▶ [Data listing]
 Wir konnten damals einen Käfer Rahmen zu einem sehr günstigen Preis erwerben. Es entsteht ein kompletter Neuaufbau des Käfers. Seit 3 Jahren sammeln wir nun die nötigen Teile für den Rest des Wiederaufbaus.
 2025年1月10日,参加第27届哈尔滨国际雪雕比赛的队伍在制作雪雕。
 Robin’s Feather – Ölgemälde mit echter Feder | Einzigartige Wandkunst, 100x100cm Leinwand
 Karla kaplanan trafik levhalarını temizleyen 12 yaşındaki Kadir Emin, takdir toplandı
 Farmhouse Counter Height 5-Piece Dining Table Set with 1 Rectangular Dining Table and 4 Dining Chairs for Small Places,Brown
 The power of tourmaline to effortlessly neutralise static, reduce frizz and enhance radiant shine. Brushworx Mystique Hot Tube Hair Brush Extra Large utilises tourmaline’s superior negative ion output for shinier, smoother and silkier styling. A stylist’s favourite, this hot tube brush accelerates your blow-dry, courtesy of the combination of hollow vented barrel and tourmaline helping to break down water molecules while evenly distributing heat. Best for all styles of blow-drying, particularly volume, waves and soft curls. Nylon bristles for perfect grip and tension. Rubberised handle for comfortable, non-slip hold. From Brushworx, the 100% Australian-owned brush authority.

...

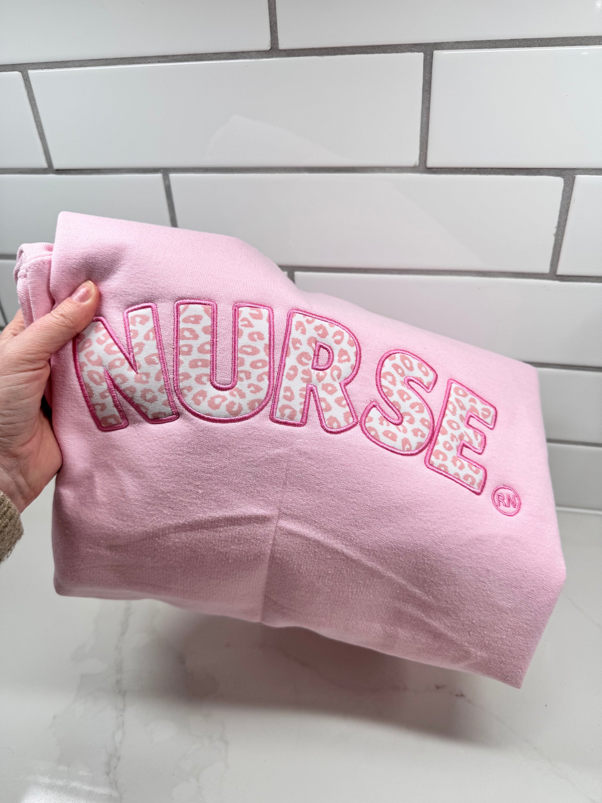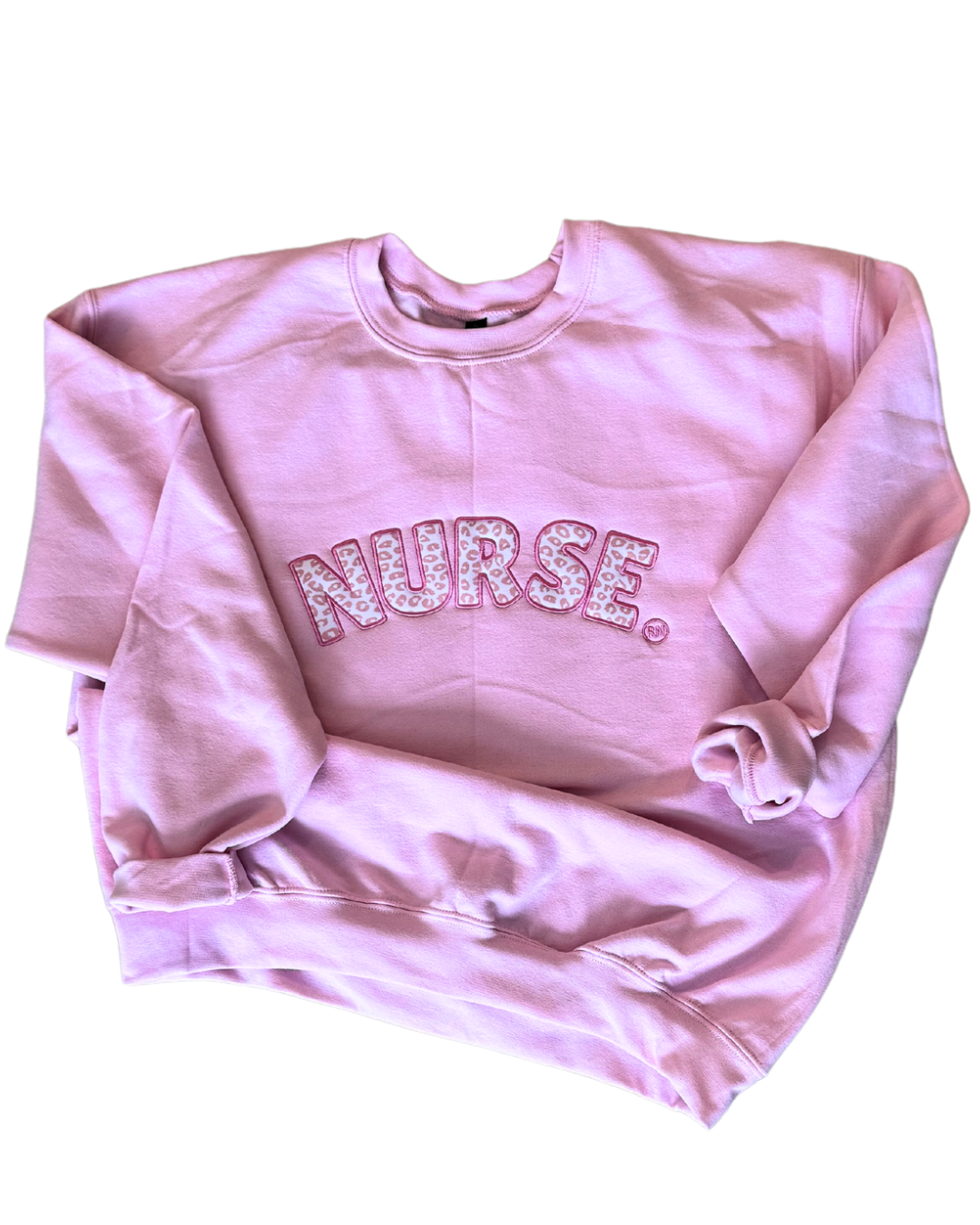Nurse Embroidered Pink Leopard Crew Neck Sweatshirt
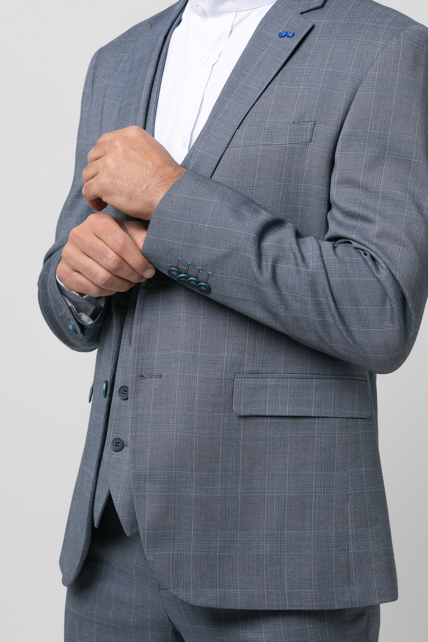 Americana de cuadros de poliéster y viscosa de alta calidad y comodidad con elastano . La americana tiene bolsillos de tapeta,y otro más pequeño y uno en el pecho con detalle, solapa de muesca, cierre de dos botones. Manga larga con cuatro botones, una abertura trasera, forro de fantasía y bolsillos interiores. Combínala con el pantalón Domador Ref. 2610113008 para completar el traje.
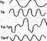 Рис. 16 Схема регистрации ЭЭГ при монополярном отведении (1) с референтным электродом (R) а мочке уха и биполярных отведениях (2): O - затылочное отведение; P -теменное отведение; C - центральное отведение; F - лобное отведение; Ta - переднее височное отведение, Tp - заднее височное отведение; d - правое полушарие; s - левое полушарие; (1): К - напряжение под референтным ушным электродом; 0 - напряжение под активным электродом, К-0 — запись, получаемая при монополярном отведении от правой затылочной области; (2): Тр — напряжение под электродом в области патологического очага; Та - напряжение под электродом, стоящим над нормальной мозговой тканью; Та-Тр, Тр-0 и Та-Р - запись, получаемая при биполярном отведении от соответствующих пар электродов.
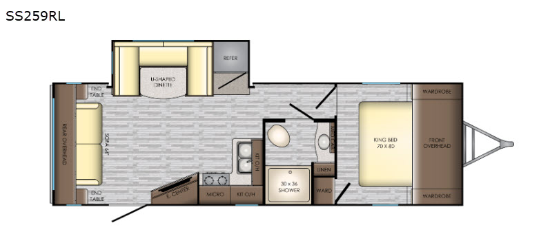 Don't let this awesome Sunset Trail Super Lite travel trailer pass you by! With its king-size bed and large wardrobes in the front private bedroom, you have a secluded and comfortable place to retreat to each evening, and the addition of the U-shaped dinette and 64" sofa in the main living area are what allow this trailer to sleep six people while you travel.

▶ [What you have to do]
When you reach the line containing "Robin’s Feather –" in the data above, start copying exactly, and stop after the line containing "The power of".

▶ [Exercise solution]
 Robin’s Feather – Ölgemälde mit echter Feder | Einzigartige Wandkunst, 100x100cm Leinwand
 Karla kaplanan trafik levhalarını temizleyen 12 yaşındaki Kadir Emin, takdir toplandı
 Farmhouse Counter Height 5-Piece Dining Table Set with 1 Rectangular Dining Table and 4 Dining Chairs for Small Places,Brown
 The power of tourmaline to effortlessly neutralise static, reduce frizz and enhance radiant shine. Brushworx Mystique Hot Tube Hair Brush Extra Large utilises tourmaline’s superior negative ion output for shinier, smoother and silkier styling. A stylist’s favourite, this hot tube brush accelerates your blow-dry, courtesy of the combination of hollow vented barrel and tourmaline helping to break down water molecules while evenly distributing heat. Best for all styles of blow-drying, particularly volume, waves and soft curls. Nylon bristles for perfect grip and tension. Rubberised handle for comfortable, non-slip hold. From Brushworx, the 100% Australian-owned brush authority.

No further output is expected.